> _Work request_:
From the line with "Signed book: The" to the line with "オーダーをする時、始めはすべ", retype every line exactly, including those two, and leave out the rest of the data below.

> _Given data_:
____________________

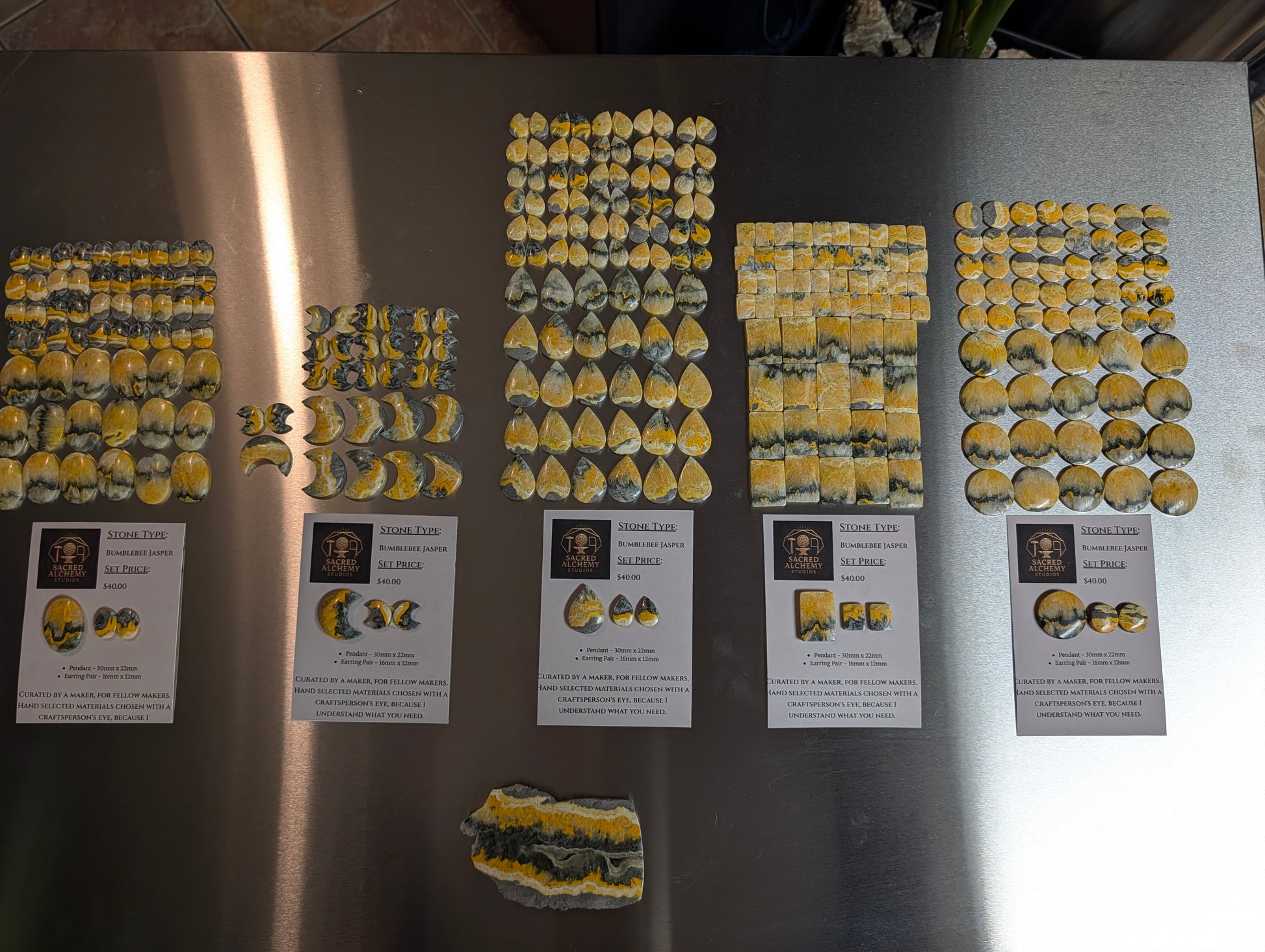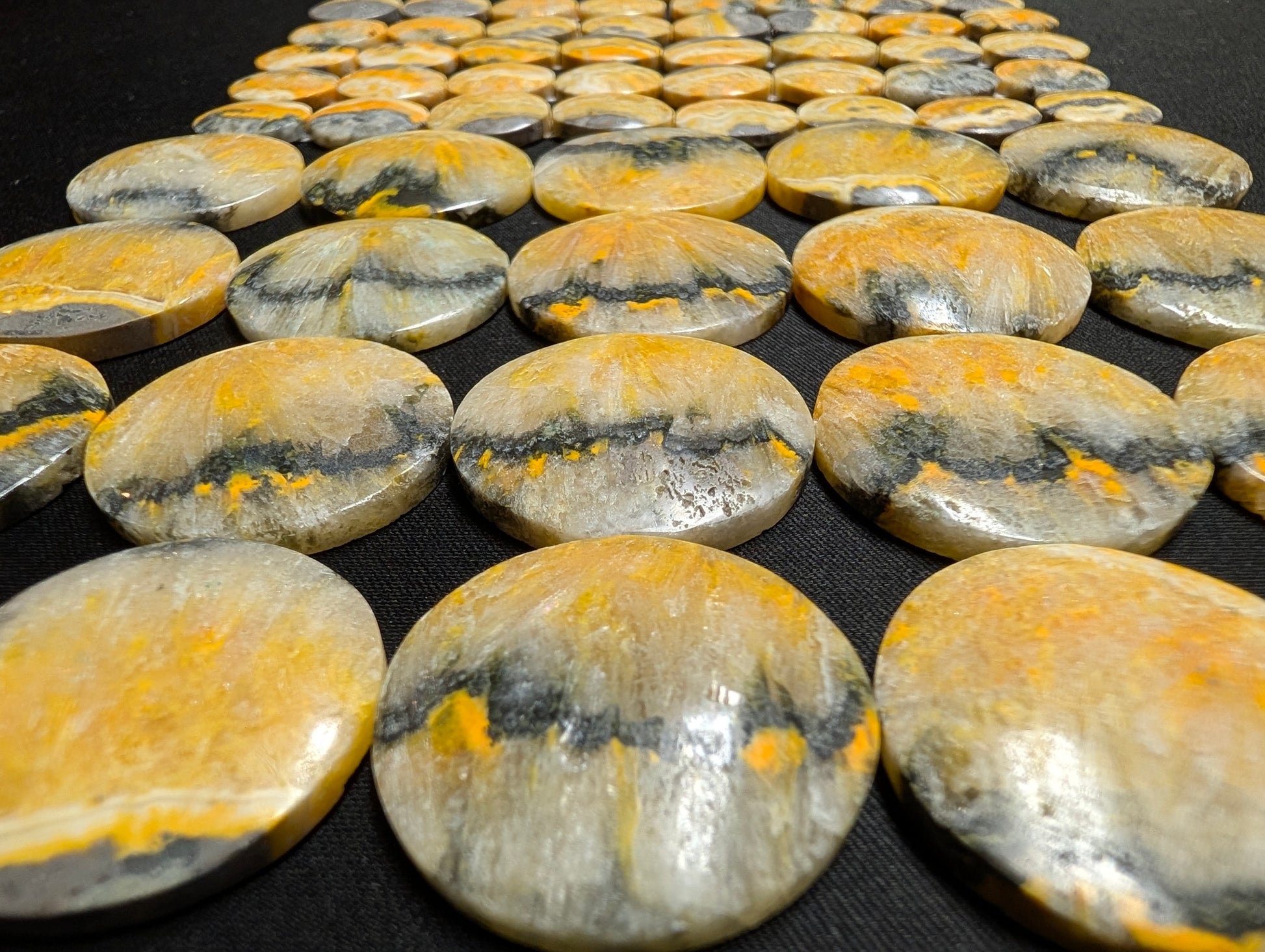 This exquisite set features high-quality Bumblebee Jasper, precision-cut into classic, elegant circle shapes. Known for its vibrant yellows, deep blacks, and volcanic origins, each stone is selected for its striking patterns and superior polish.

____________________

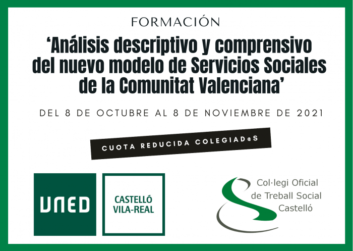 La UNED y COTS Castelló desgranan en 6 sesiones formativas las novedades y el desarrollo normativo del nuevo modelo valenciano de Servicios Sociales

____________________

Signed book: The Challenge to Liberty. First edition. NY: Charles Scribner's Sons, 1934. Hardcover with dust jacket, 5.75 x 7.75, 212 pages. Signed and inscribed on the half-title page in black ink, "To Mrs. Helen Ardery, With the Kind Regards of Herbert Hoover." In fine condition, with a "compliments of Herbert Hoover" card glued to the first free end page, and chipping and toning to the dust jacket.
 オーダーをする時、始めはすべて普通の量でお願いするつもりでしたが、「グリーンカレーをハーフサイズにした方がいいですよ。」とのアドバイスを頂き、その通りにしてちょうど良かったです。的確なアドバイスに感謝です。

____________________

> _Exercise answer_:
Signed book: The Challenge to Liberty. First edition. NY: Charles Scribner's Sons, 1934. Hardcover with dust jacket, 5.75 x 7.75, 212 pages. Signed and inscribed on the half-title page in black ink, "To Mrs. Helen Ardery, With the Kind Regards of Herbert Hoover." In fine condition, with a "compliments of Herbert Hoover" card glued to the first free end page, and chipping and toning to the dust jacket.
 オーダーをする時、始めはすべて普通の量でお願いするつもりでしたが、「グリーンカレーをハーフサイズにした方がいいですよ。」とのアドバイスを頂き、その通りにしてちょうど良かったです。的確なアドバイスに感謝です。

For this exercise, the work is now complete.